Colleges and universities across the country are currently under investigation by the Education Department’s Office for Civil Rights for failing to make their websites accessible to people with disabilities.
Many businesses are also facing lawsuits because the Department of Justice has concluded that websites are places of public accommodation, requiring accessibility to all visitors, but it has failed to regulate standards of accessibility. This makes every category of business, including private-sector, public-sector and education, vulnerable.
Making things even more complicated, the progress that had been made over recent years in establishing guidelines and protocols is now in jeopardy because in 2017 the White House reversed its commitment and instead decided to undo the regulatory process, leading to a reverse in website accessibility decisions including halting enforcement actions against businesses with relaxed website accessibility. The courts are now left to be arbiters of these standards.
Awareness of the importance of web accessibility has grown among university and business leaders in recent years partly due to numerous well-publicized lawsuits and now due to the uncertainty about enforcement, litigation is increasing quickly.
Universities that receive federal financial aid are required by law to make reasonable accommodations to ensure their web content is accessible to everyone, including but not limited to people who are blind, deaf or have limited mobility. This is a huge challenge. Educational institutions alone can have thousands of web pages, with hundreds of faculty members and staff constantly adding, removing or changing content, making it difficult to monitor content for accessibility.
Regulation guidance is needed, and previously when the DOJ signaled that the minimum standards and guidelines created by the World Wide Web Consortium (W3C), (which is an organization devoted to the development of WWW protocols and guidelines) would become the working model, many legislators from both sides of the aisle, even those who are typically hostile to regulation, joined to urge the implementation of uniform accessibility standards. Until the DOJ acts, the threat of non-compliance lawsuits will continue to grow.

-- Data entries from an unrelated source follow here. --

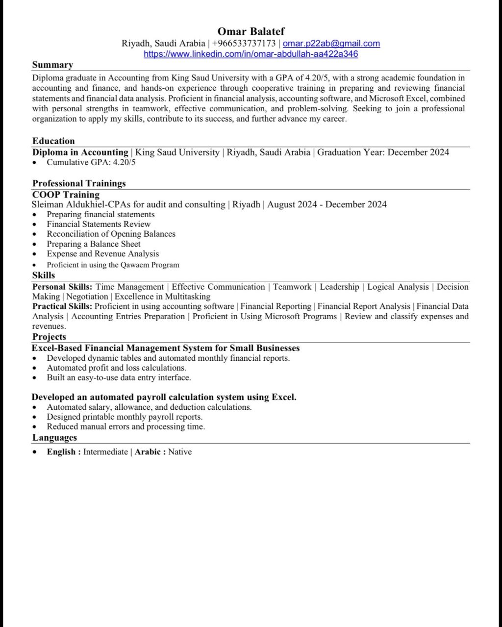 محاسب حديث تخرج خبرة 3 أشهر في مكاتب المحاسبة والمراجعة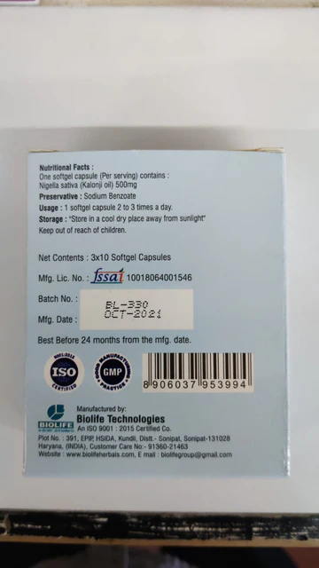 | Recommended Dosage | 1 capsule, 2 to 3 times daily after meals | Clear Usage Instruction |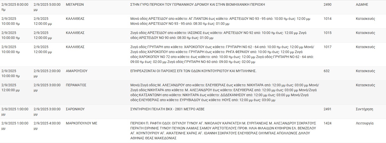 Διακοπές ρεύματος έχει προγραμματίσει για σήμερα, Τρίτη 2 Σεπτεμβρίου, ο ΔΕΔΔΗΕ σε διάφορες περιοχές της Αττικής.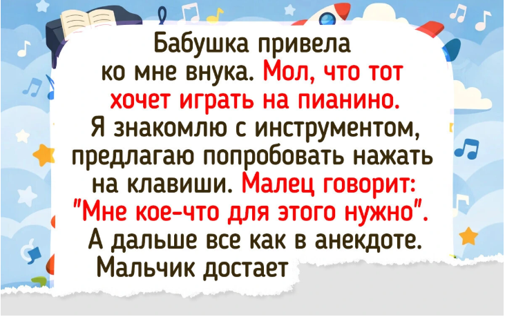 - Бабушка привела ко мне внука. Мол, что тот хочет играть на пианино. Я знакомлю с инструментом, предлагаю попробовать нажать на клавиши. Малец говорит: «Мне кое-что для этого нужно». А дальше все как в анекдоте. Мальчик достает из кармана машинки и начинает играть в них на фортепиано. Вот так буквально он понял предложение бабушки поиграть на фортепиано. @ ADME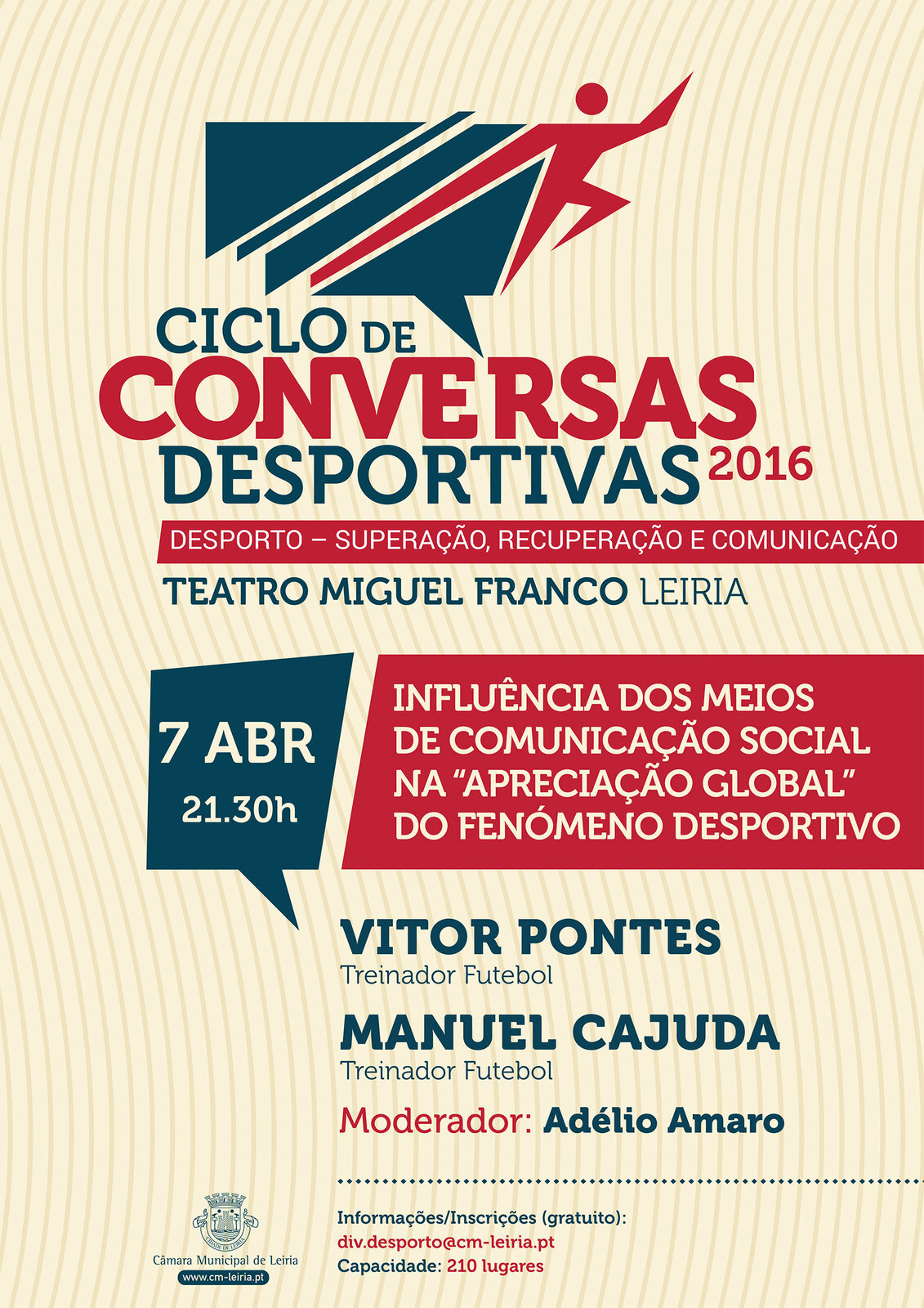 No Ciclo de Conversas Desportivas Leiria 2016, a realizar nas primeiras quintas-feiras entre os meses de fevereiro a abril, serão lançados diferentes olhares sobre o “Fenómeno Desportivo”, convidando palestrantes de reconhecida idoneidade.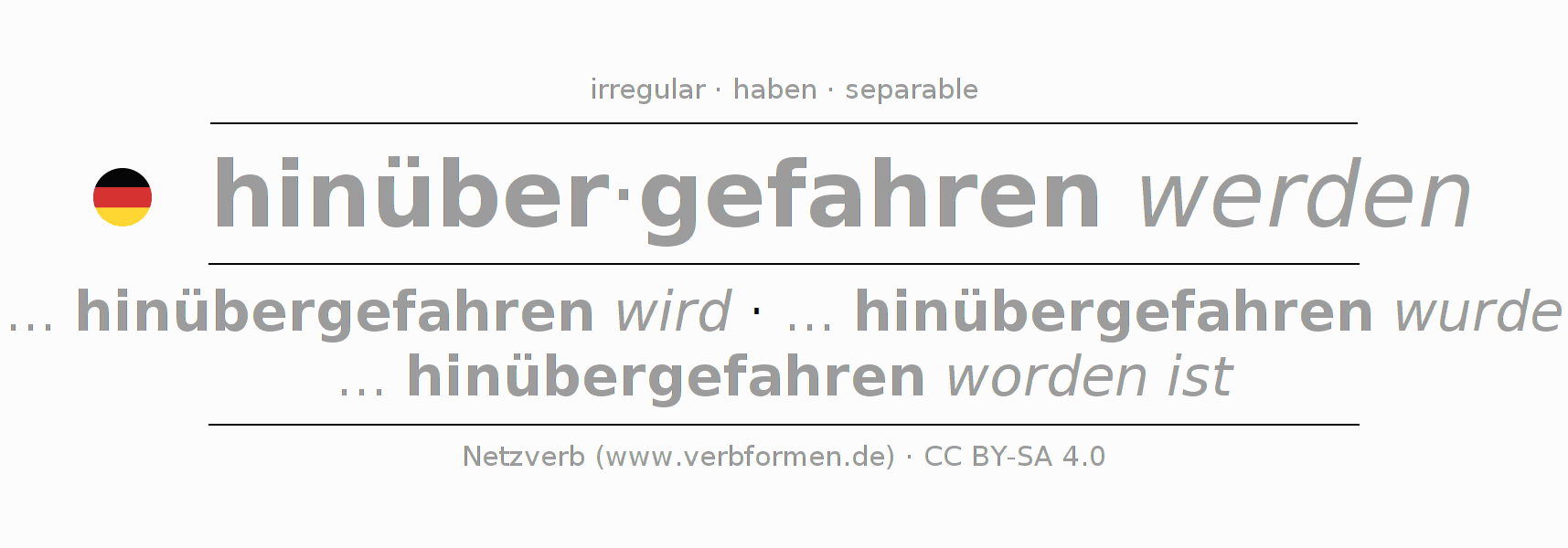 - Perfect: ... ich hinübergefahren worden bin, ... du hinübergefahren worden bist, ... er hinübergefahren worden ist, ... wir hinübergefahren worden sind, ... ihr hinübergefahren worden seid, ... sie hinübergefahren worden sind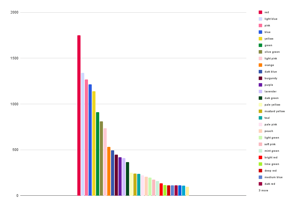 The automated color stats are done with a script requesting GPT-4o to make a list of the “specific colors present in this image” for all the images.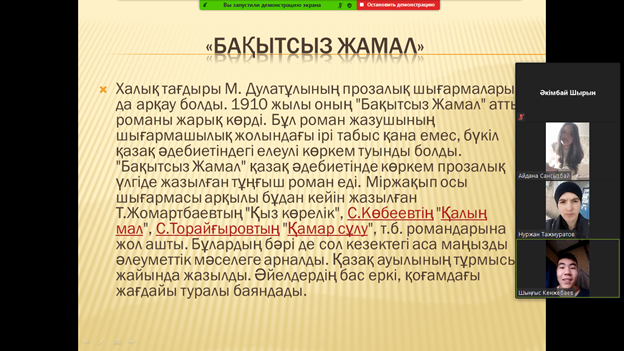 The students shared their thoughts on the work of our grandfather Mirzhakyp Dulatov. After reviewing his work, the students spoke about their feelings.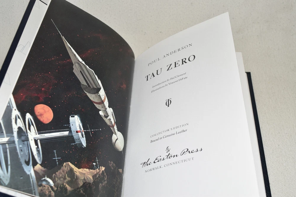 This Easton Press edition of *Tau Zero* is a stunning collector's piece! The full leather binding feels luxurious, and the gold accents add elegance. The illustrations are gorgeous, and the durable Smyth-sewn pages ensure it lasts. A must-have for sci-fi fans—absolutely worth it!
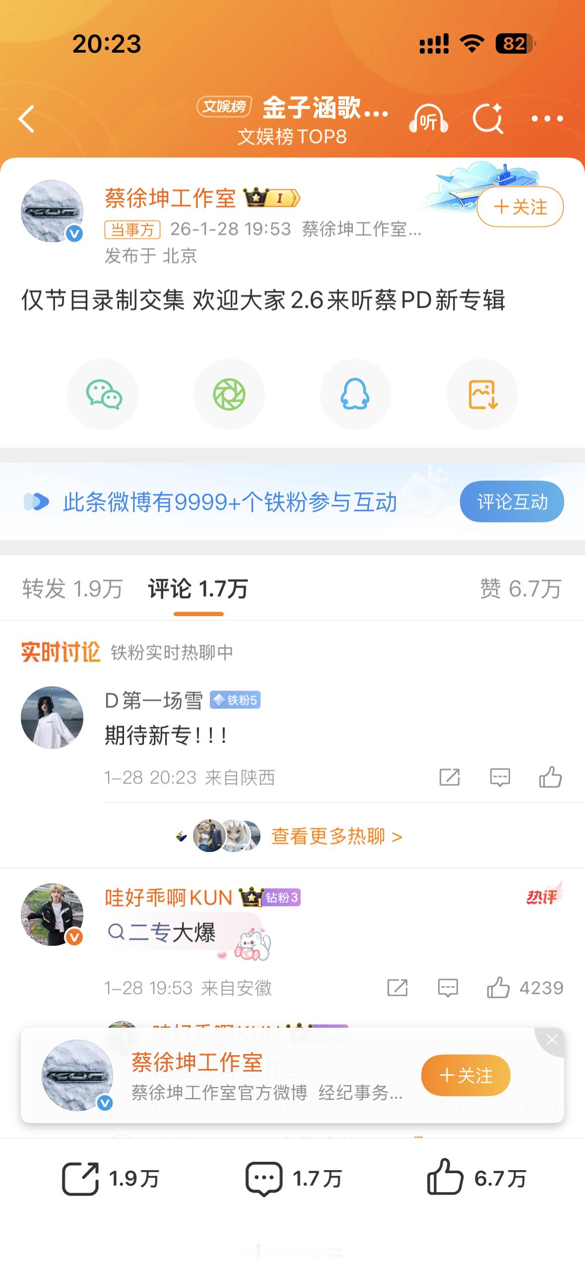 金子涵拉黑蔡徐坤,发的歌曲里的歌词是“你就是个大骗子”蔡徐坤工作室承认两个人在工作里有交集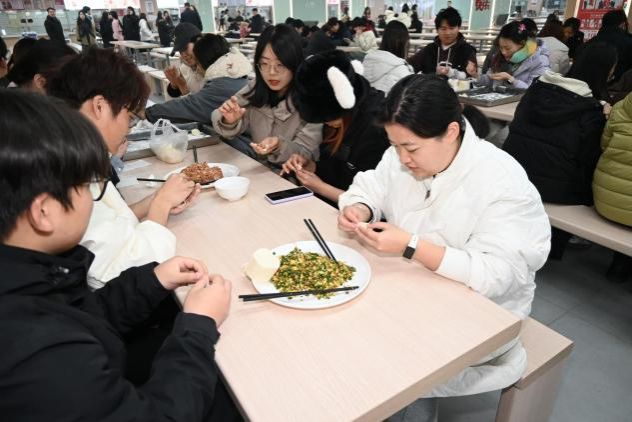咬开的是鲜香馅料,暖透的是师生情谊,笑声与交谈声交织成冬至最温柔的旋律。

Thousands of website owners around the country are being sued for claimed ADA violations. Per the New York Law Journal by the mid-point of 2018, over 1,000 lawsuits had already been filed—more than all cases filed in 2017.
ADA website cases are difficult to defend because the U.S. courts have not addressed what should constitute ADA minimum “accessibility,” nor has any court endorsed any standard other than acknowledging that Web Content Accessibility Guidelines (WCAG) 2.1 has emerged as a de facto standard.